William Phillips, 73, owner of skipjack Chester Peake

September 13, 2001|By Frederick N. Rasmussen | Frederick N. Rasmussen,SUN STAFF

William T. Phillips, a retired launch operator for the Association of Maryland Pilots and former owner of the Chester Peake, the famed skipjack that sailed the bay as a goodwill ambassador for the National Brewing Co., died Monday of a heart attack at Johns Hopkins Hospital. He was 73.

The 40-year South Ellwood Avenue resident, who was born into a family of tugboat and barge operators, got his first taste of the waterfront as a youth.

"His one uncle had tugboats at the foot of Wolfe Street, and another had barges near the old Arundel Co. cement plant in Fells Point, and that's where Bill was introduced to working and running boats as a teen-ager. And he got to know the harbor like the back of his hand," said his wife of 49 years, the former Helen Baranauskas.
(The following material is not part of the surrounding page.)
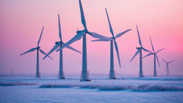 Offshore wind farm with multiple turbines at sunset, generating clean energy.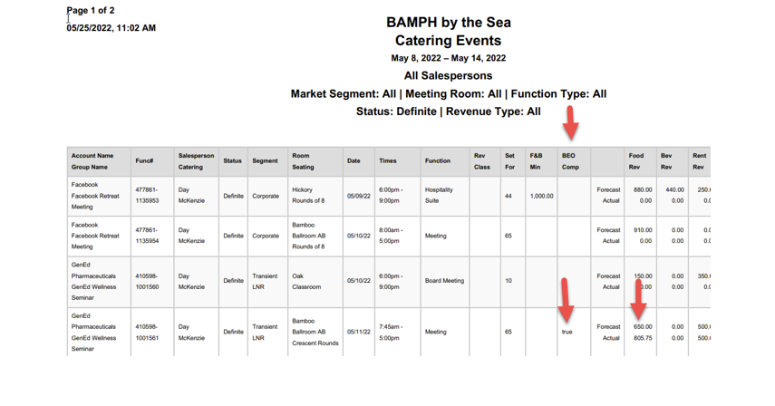 You will see in Catering reports a BEO COMP or COMP column, with a check mark or True noted. This is the indicator that your BEO’s are marked complete, and you will see actual revenues. If a check or true is not the BEO COMP or COMP column, this is a good checkpoint to make the update to accurately report on actual catering sales.

Born in Baltimore and raised in East Point and Fells Point, Mr. Phillips was a graduate of St. Patrick's Parochial School.

He served two years in the Army as a military policeman at Fort Gordon in Georgia, and after his discharge in 1952, went to work for the Owens Yacht Co. in Dundalk, testing newly built boats.

In 1954, he went to work for the Association of Maryland Pilots operating the association's launch that picked up or delivered pilots to ships entering or departing the port of Baltimore.

His territory ranged from the Inner Harbor to North Point, Curtis Bay to Sparrows Point, and even Seven Foot Knoll in the bay.

"He loved boats, and when he was on one, he was in his glory," said Capt. Randy Bourgeois, a Chesapeake Bay pilot and member of the association.

"He was very personable and always had a big smile and a story," he said. "Bill was well-respected and loved by our pilots."

Mrs. Phillips said her husband was on call seven days a week and worked nights to make sure pilots got on and off the vessels on schedule.

"He'd go out in all kinds of weather, and it made no difference if it was foggy or stormy, he'd never let a pilot lay over on a ship," she said.

He retired in 1990.

Mr. Phillips found a 1915-vintage Chesapeake Bay skipjack, the Ada Mae, in a Kent Island marina in the 1960s.

He restored the boat and re- christened it the Chester Peake.

During the 1960s and early 1970s, it cruised the bay, from the C&D Canal to Smith Island, for the Baltimore brewery.

On board was the brewery's spokesman, Frank Hennessy, dressed in nautical attire, who was later dubbed "The Commodore of the Chesapeake Bay" by Maryland Gov. Theodore R. McKeldin.

Its sail was embroidered with a large drawing of Mr. Boh, the one-eyed, mustachioed waiter who had promoted National Bohemian beer since the 1930s.

The vessel became the weekend venue for Mr. Hennessy, whose broadcasts for radio station WCBM mixed colorful weather and fishing reports with Tidewater trivia.

Mr. Phillips donated the vessel in the 1990s to a North Carolina maritime foundation.

"He was a great conversationalist, and a visit with Captain Bill never lasted less than three hours," said Elaine Eff, Maryland folklorist and former neighbor.

He was a communicant of St. Brigid's Roman Catholic Church, Ellwood Avenue and Hudson Street, where a Mass of Christian burial will be offered at 10:30 a.m. Saturday.

In addition to his wife, he is survived by a son, Mark Phillips of Owings Mills; a daughter, Linda Smit of Phoenix, Baltimore County; and four grandchildren.